Inhibitory effect of palatinose on glucose absorption in everted rat gut.

We previously reported that the increase in blood glucose was more suppressed when palatinose was taken with sucrose or glucose than when either of these sugars was taken alone. In the present study, we examined whether or not palatinose suppresses glucose absorption using everted intestinal sacs from rats. Glucose absorption in the everted rat intestinal sac was measured with 0, 1, 2.5 or 5 mM of palatinose added to 20 mM glucose. The measurement was repeated five times for each palatinose level to calculate a mean value. The result showed glucose absorption to be reduced as the palatinose level increased. It was significantly reduced when 5 mM palatinose was added as compared with no palatinose addition (p<0.05). These results suggest that palatinose suppresses glucose absorption.

The effect of palatinose on mental concentration in humans.

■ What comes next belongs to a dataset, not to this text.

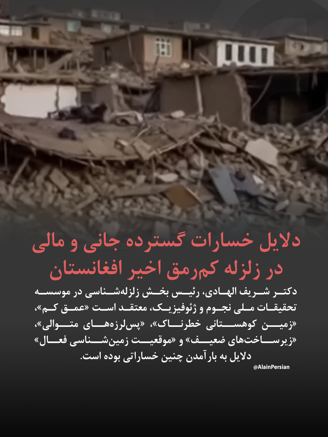 الهادی در پایان با دلیل پنجم میگوید: «موقعیت زمینشناسی فعال». افغانستان در محل اتصال صفحات هند و اوراسیا قرار دارد، منطقهای لرزهخیز که در سالهای اخیر شاهد چندین زلزله ویرانگر بوده است، از جمله زلزله ۲۰۲۲ که نزدیک به ۱۰۰۰ نفر را کشت و زلزله ۲۰۲۳ هرات که جان بیش از ۱۵۰۰ نفر را گرفت.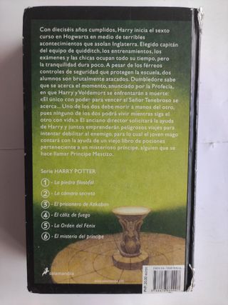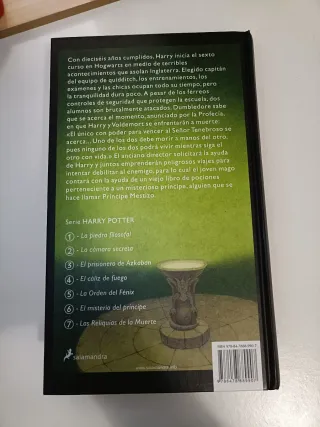 ¡El sexto año y la búsqueda de Horrocruxes! Vendo "Harry Potter y el Misterio del Príncipe" de J.K. Rowling. Trama: Harry inicia su sexto curso y el Señor Tenebroso se acerca. Dumbledore pide ayuda a Harry para intentar debilitar a Voldemort, contando con la ayuda de un misterioso profesor de Pociones conocido como el Príncipe Mestizo. Edición: Clásica de Salamandra en Tapa dura. Ideal para: Coleccionistas de la saga en formato de tapa dura. ¡Una entrega clave y muy emocionante!

We investigated the effect of palatinose on mental concentration using the Uchida-Kraepelin psycho diagnostic test. A significant increase (p<0.01) in calculation ability was observed in both the sucrose and palatinose groups after administration. Although calculation ability in the sucrose group at 150 min decreased from the level achieved at 90 min in the same group, that in the palatinose group at 150 min decreased only slightly from the level achieved at 90 min. At the same time points, significant increases were observed even when 5 g of palatinose was administered.